A study published in the Journal of Natural Products in January 2022 found that cannabinoid acids like CBDA and CBGA found in raw flower can prevent infection by blocking the virus from entering cells.

Another January 2022 study, published in the journal Science Advances, found that CBD and its metabolite could “potently block” COVID-19 replication in lung cells.

But none of these studies involved actual human patients. Kirk says that’s why the CHEST research is so important.

“What we were missing was this human data—actual numbers reported in hospitals and outcomes,” says Kirk. “This new study really helps fill that gap and brings a lot of legitimacy to the previous research with cannabis and COVID.”

The CHEST study’s large data pool made it even more valuable. Researchers examined National Inpatient Sample Database information regarding 322,214 patients who were hospitalized with a diagnosis of COVID-19. Out of that group, 2,603 were marijuana users. That’s a hefty sample size.

According to the study, pot users experienced lower rates of intubation compared to non-users—6.8 percent versus 12 percent. A little more than two percent of cannabis users with acute respiratory distress syndrome (ARDS) were intubated, while six percent of non-users experienced the emergency procedure.  There was a difference of nearly 25 percentage points for acute respiratory failure and nearly six percentage points difference for those diagnosed with  severe sepsis with multiorgan failure.

The mechanism behind these outcomes isn’t clear yet, but as previous researchers have hypothesized, it’s believed that the cannabinoids in marijuana are acting to regulate cytokine production.

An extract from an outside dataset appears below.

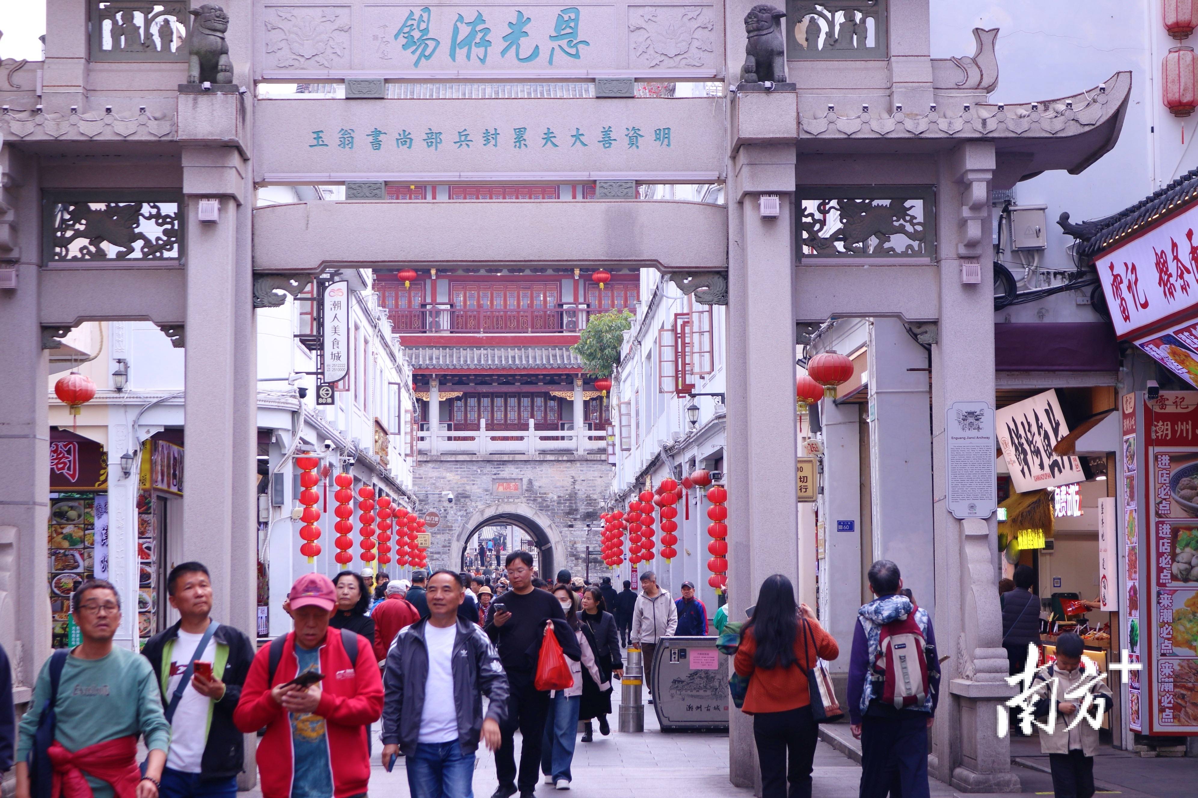 潮州市旅游消费进入旺季,牌坊街游客众多。董志豪 摄

Cytokine storms are believed to be the culprits behind the worst of COVID-19 symptoms. Cytokines are small proteins that act as signal carriers to different cells. They play an important part in the body’s response to illness. But when a body begins to produce too many of them, the results can be devastating.

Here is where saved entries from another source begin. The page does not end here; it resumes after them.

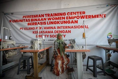 Kesibukan sejumlah perempuan di Training Center Liberty Society di Tanjung Priok, Jakarta Utara, Kamis (21/3). Mereka merupakan warga lokal yang tinggal di daerah Warakas, Tanjung Priok.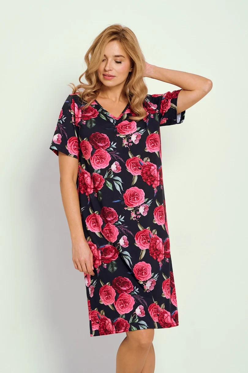 Noční košile s krátkými rukávy ze vzorované bavlny, s výstřihem, v délce ke kolenům.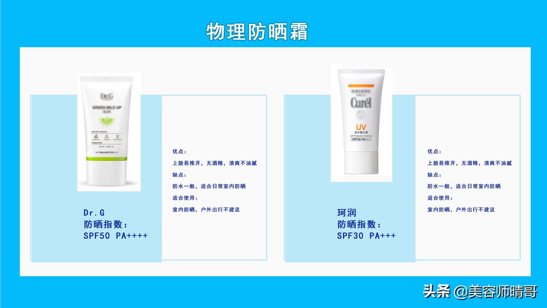理論上來說,物理防曬的成分會一覺溫和一些,而且防曬力度也很強,但是缺點就是容易堵塞毛孔,適合干皮和敏感肌,不推薦油皮,痘痘肌使用。但是油皮和痘痘肌可以使用化學防曬霜。

“It’s your body overreacting to something to the extent that once that storm starts, it’s very difficult to stop, and then your body has essentially every immune cell in it attacking itself,” says Kirk. “Most poisons and toxins, they can kill you in three to eight hours. Your body’s own immune system can kill you in 20 minutes.”

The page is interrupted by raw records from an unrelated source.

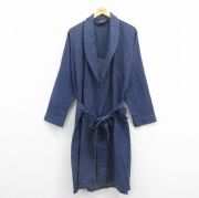 L★古着 マンハッタン 長袖 ガウン メンズ 80年代 80s ロング丈 USA製 紺 ドット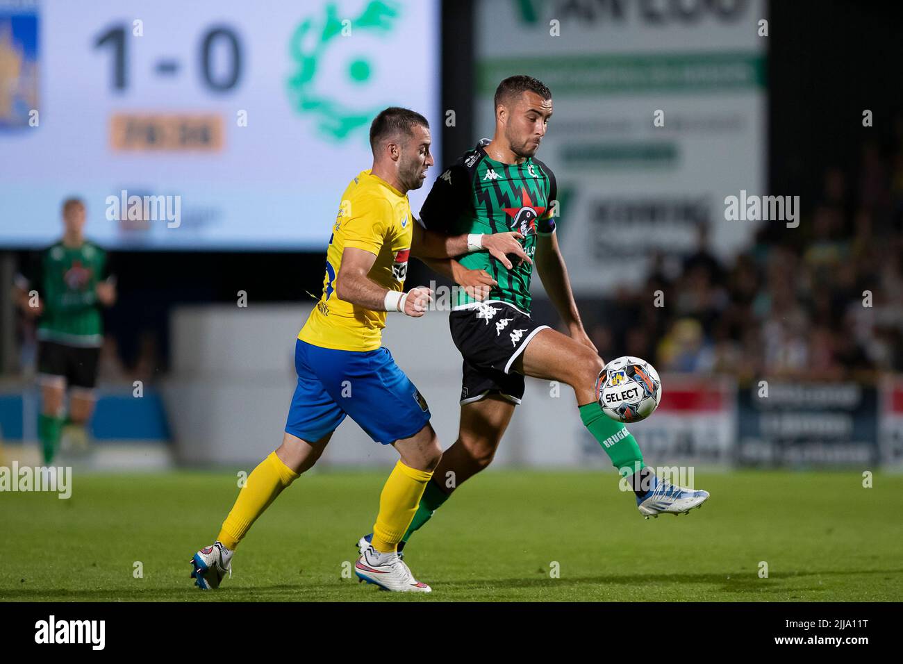 Westerlo Belgium 24 July 2022 Westerlo S Tuur Dierckx And Cercle S Charles Vanhoutte Pictured In Action During A Soccer Match Between Kvc Westerlo And Cercle Brugge Sunday 24 July 2022 In Westerlo On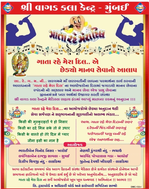 સા.. રે.. ગ.. મ.. ની... સરગમ ને માં સરસ્વતીની સાધના પરમાર્થંના કાર્યં કરવાની આરાધનાને ગાતા રહે મેરા દિલ ના આયોજકોના દિલમાં જગાડયો માનવ સેવાના સ્પંદનો નો ઝણકાર અને માનવ સેવા એજ પ્રભુ સેવાના જીવનમંત્રને ખરા અર્થમાં ઉજાગર કરતી સંસ્થા શ્રી વાગડ કલા કેન્દ્રને મેડિકલ સહાય ફંડમાં આપ્યું માતબર રકમનું અનુદાન !!!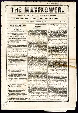 November 15, 1861 issue of The Mayflower, "devoted to the interests of women." It was published in Peru, Indiana, by Lizzie Bunnell and Mary F. Thomas.

Cytokine storms are produced by a highly regulated system in the body. Once past the threshold of control, the storm begins. Everything is released, and there’s no way to stop it once it starts.

But if the CHEST study is right, then cannabis can somehow close those flood gates. It might be possible because of the endocannabinoid system, which runs throughout the body and regulates many of the other systems.

When cannabinoids from weed or endocannabinoids produced by the body interact with the receptors in the endocannabinoid system, they send signals that cause wide-ranging medical effects. It’s believed that these interactions are the triggers behind the myriad of medically beneficial effects that are experienced by weed users.

Advocates have claimed that cannabis use can help treat various unrelated health problems for decades—from pain and inflammation to mental health issues and mood disorder. Treating the drug like a panacea has understandably raised some eyebrows, but the CHEST study may be providing evidence it’s at least helpful.

No matter what the mechanism behind weed’s interaction with COVID-19 is, it’s good news for the average pot smoker, since we won’t be free of the virus in the foreseeable future. It’s especially good for regular users who are often characterized as suffering from cannabis use disorder.

“I think this is some really good evidence that there are positive things about using cannabis daily, even when there’s a pandemic going on,” says Kirk. “And this doesn’t even get into the mental health and depression and suicidality component of COVID and cannabis.”

It also might be good news for those who are suffering from autoimmune diseases like lupus, rheumatoid arthritis or multiple sclerosis. If cannabis can regulate cytokine storms occurring in COVID-19 cases, it might also regulate them in autoimmune diseases.

Revelations like those presented in the CHEST study may ultimately help to explain the efficacy of medical marijuana in a number of situations other than COVID-19.